Building a Virtual Private Network with Linux

Arthur Donkers

Figure 1 | Figure 2 | Figure 3 | Sidebar 1 | Sidebar 2 | Listing 1

Connecting different locations used to be a question of dedicated lines, expensive routers, and a lot of proprietary protocols. Apart from being cumbersome, it cost a lot of manpower and money to keep a link like that up and running. And if the different locations were situated in different countries (or even continents), it could run into a very expensive adventure.

Now (actually for more than 20 years), there is the magical network called the Internet that spans the globe and offers world-wide connectivity for local rates. So, what would be better than connecting the aforementioned locations via the Internet? Apart from a few minor problems like security, there is nothing to keep us from doing so. To solve the security problem, and some others, you can use a so-called Virtual Private Network or VPN. With this technique, you can extend your local corporate network over the Internet without compromising your corporate security or fundamentally rearranging your network topology.
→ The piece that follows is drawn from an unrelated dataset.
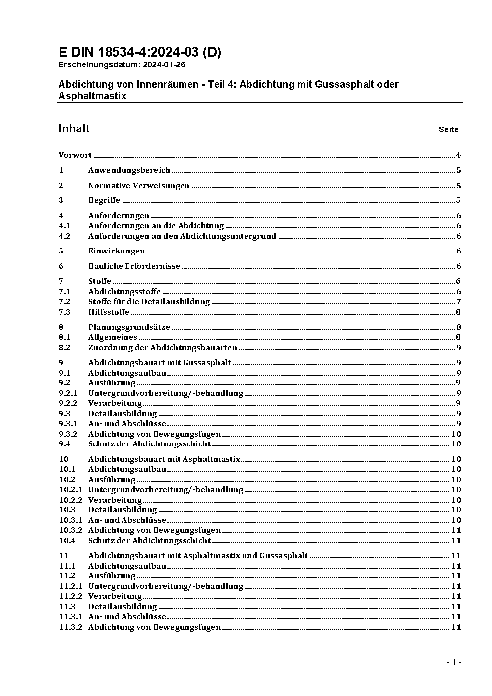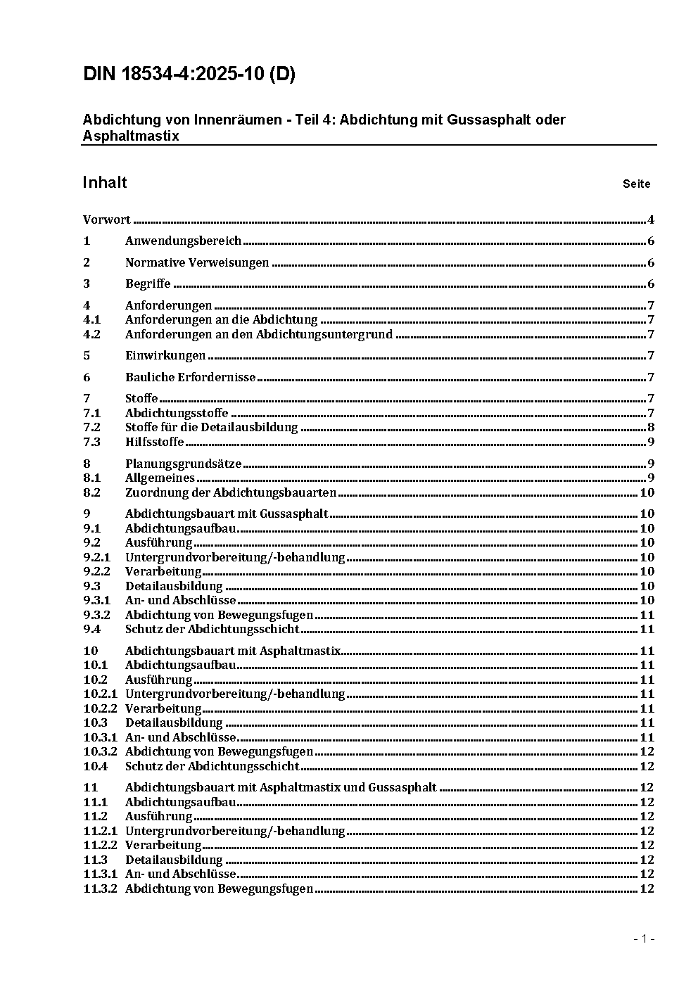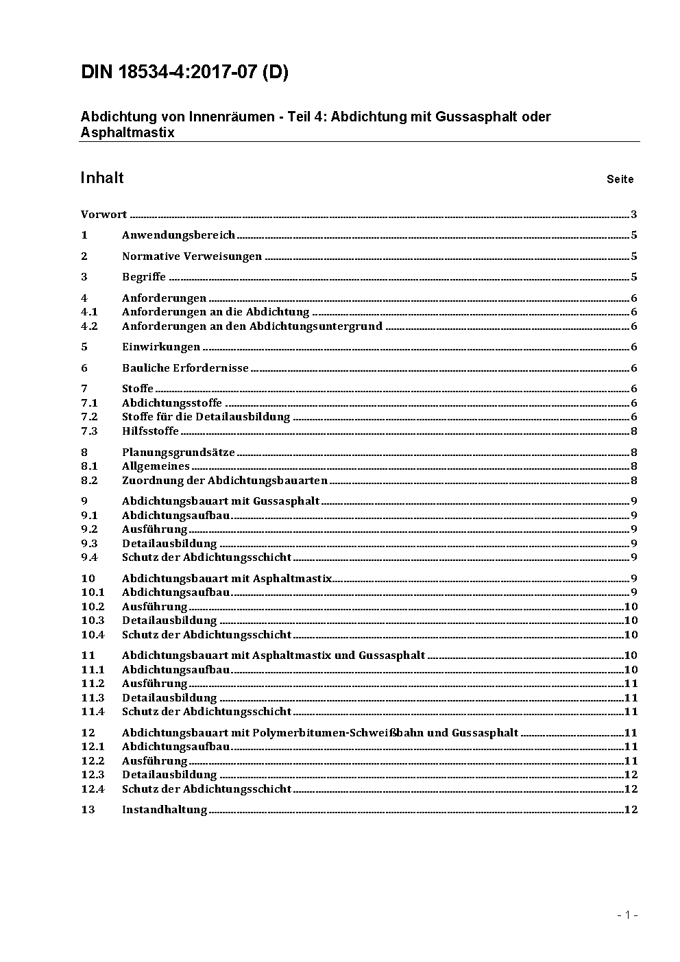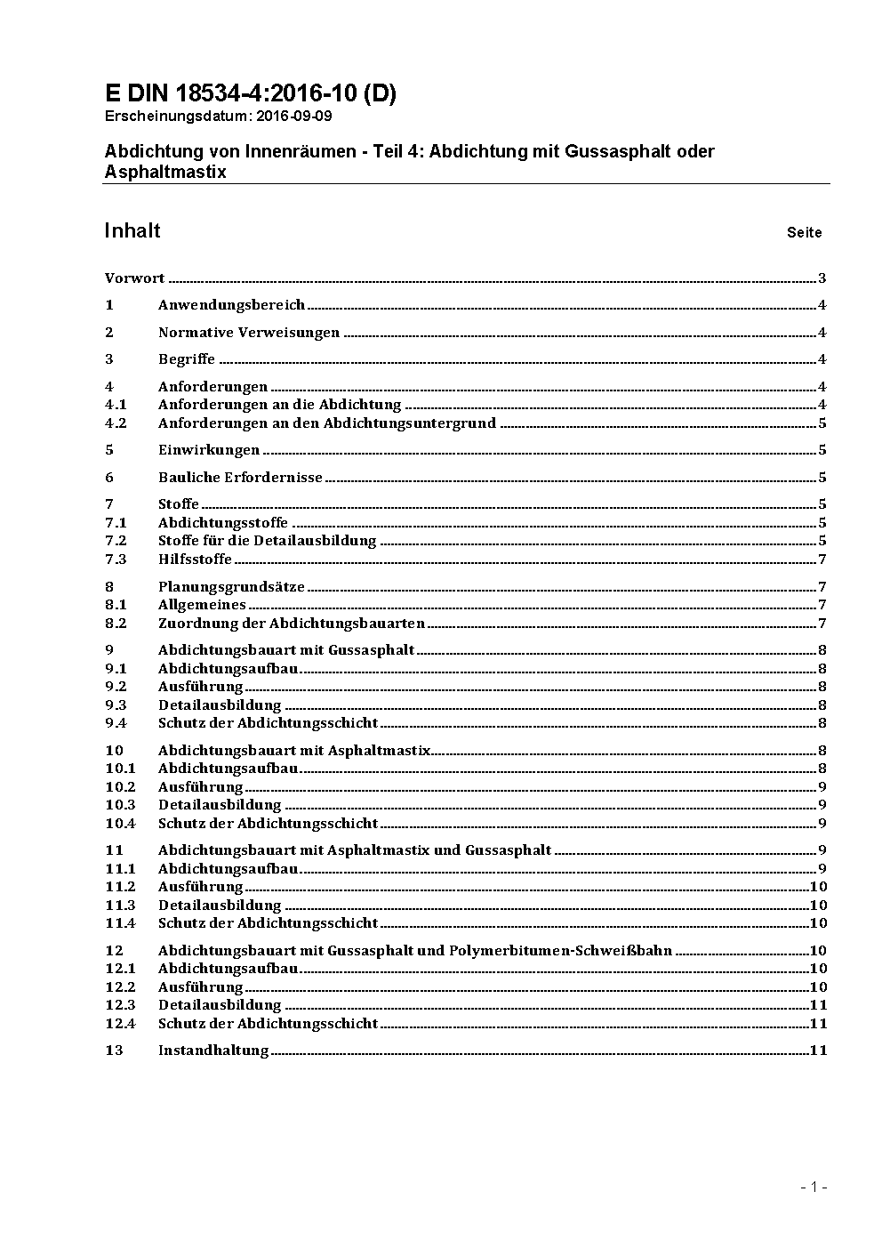 Abdichtung von Innenräumen - Teil 4: Abdichtung mit Gussasphalt oder Asphaltmastix

This article will discuss how to build a virtual private network using Linux, a UNIX-compatible operating system developed on the Internet. Linux is available in source and can easily be adapted to your own hardware. It is currently available for PCs based on the Intel architecture, Sun SPARC machines, and Digital AXP (Alpha) machines (among others).

Introduction

Building a VPN can be a daunting task. A lot of details must be taken care of, and the task may involve a few programming skills to get the job done. I hope to get you started in the right direction. Each network environment has its own specifics, and therefore needs one or more specific solutions.